— Task —
Only the text of the records belongs in the answer, copied exactly, with every picture omitted.

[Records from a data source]
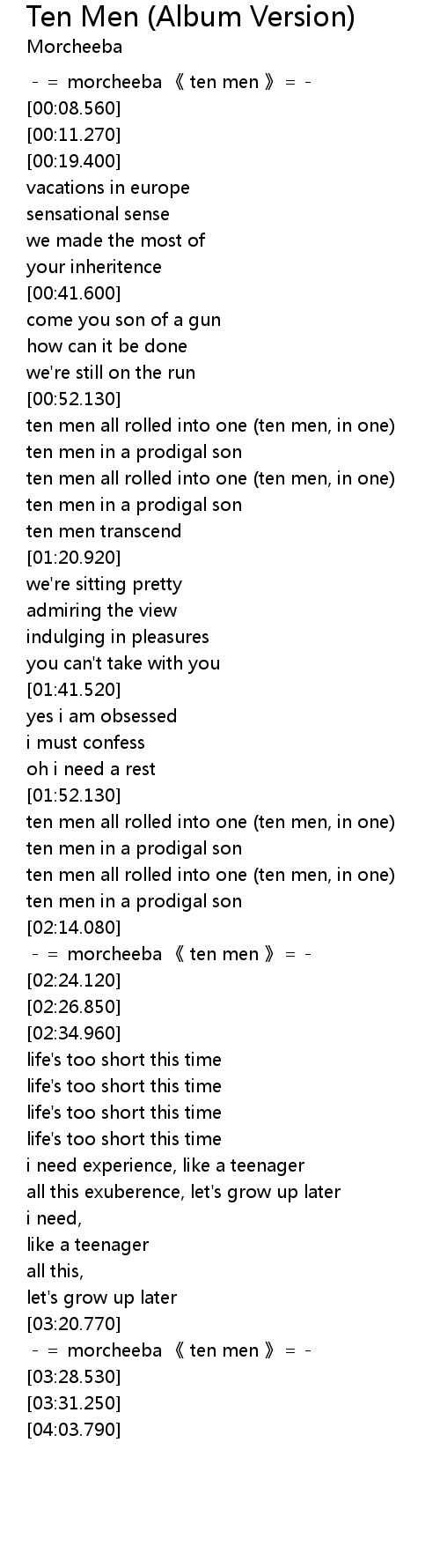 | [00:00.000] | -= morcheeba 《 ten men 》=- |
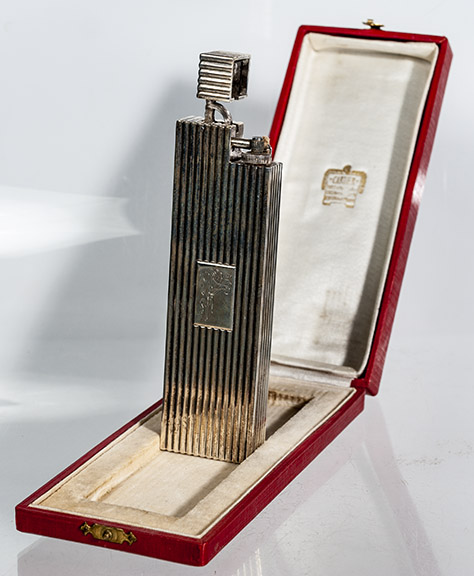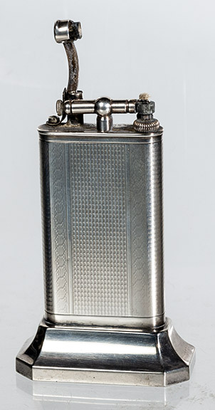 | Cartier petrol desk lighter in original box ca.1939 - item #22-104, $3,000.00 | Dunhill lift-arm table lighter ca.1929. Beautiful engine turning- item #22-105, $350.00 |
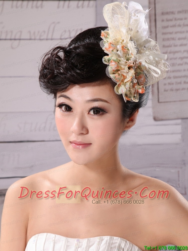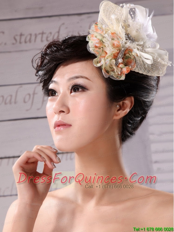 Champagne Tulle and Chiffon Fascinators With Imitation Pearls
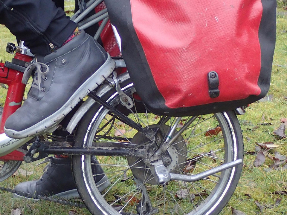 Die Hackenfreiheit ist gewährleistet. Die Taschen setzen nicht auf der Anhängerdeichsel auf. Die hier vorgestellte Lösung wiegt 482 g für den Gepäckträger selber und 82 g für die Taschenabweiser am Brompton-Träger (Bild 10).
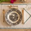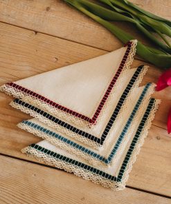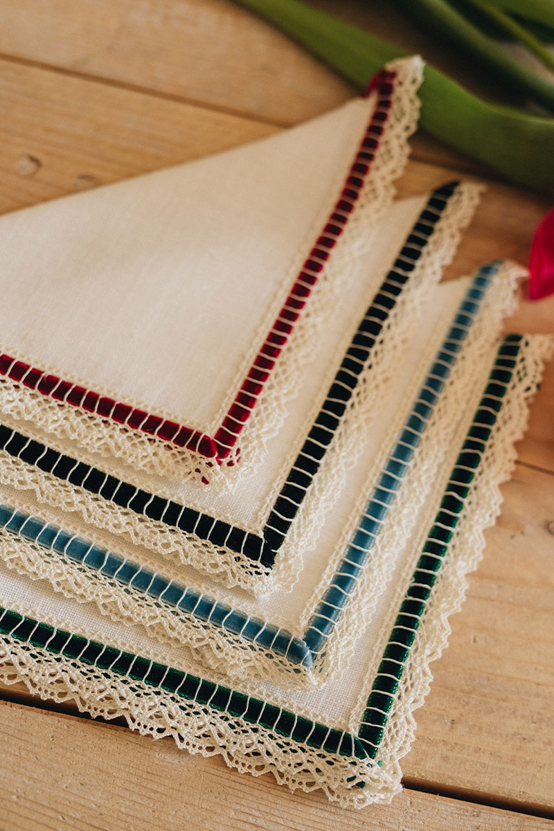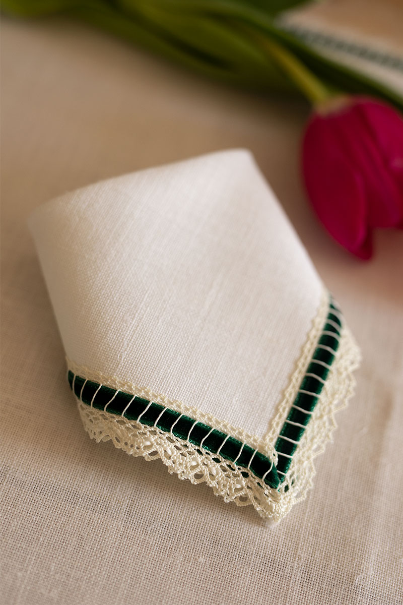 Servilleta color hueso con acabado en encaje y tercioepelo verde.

— Solution to the exercise —
 | [00:00.000] | -= morcheeba 《 ten men 》=- |
 | Cartier petrol desk lighter in original box ca.1939 - item #22-104, $3,000.00 | Dunhill lift-arm table lighter ca.1929. Beautiful engine turning- item #22-105, $350.00 |
 Champagne Tulle and Chiffon Fascinators With Imitation Pearls
 Die Hackenfreiheit ist gewährleistet. Die Taschen setzen nicht auf der Anhängerdeichsel auf. Die hier vorgestellte Lösung wiegt 482 g für den Gepäckträger selber und 82 g für die Taschenabweiser am Brompton-Träger (Bild 10).
 Servilleta color hueso con acabado en encaje y tercioepelo verde.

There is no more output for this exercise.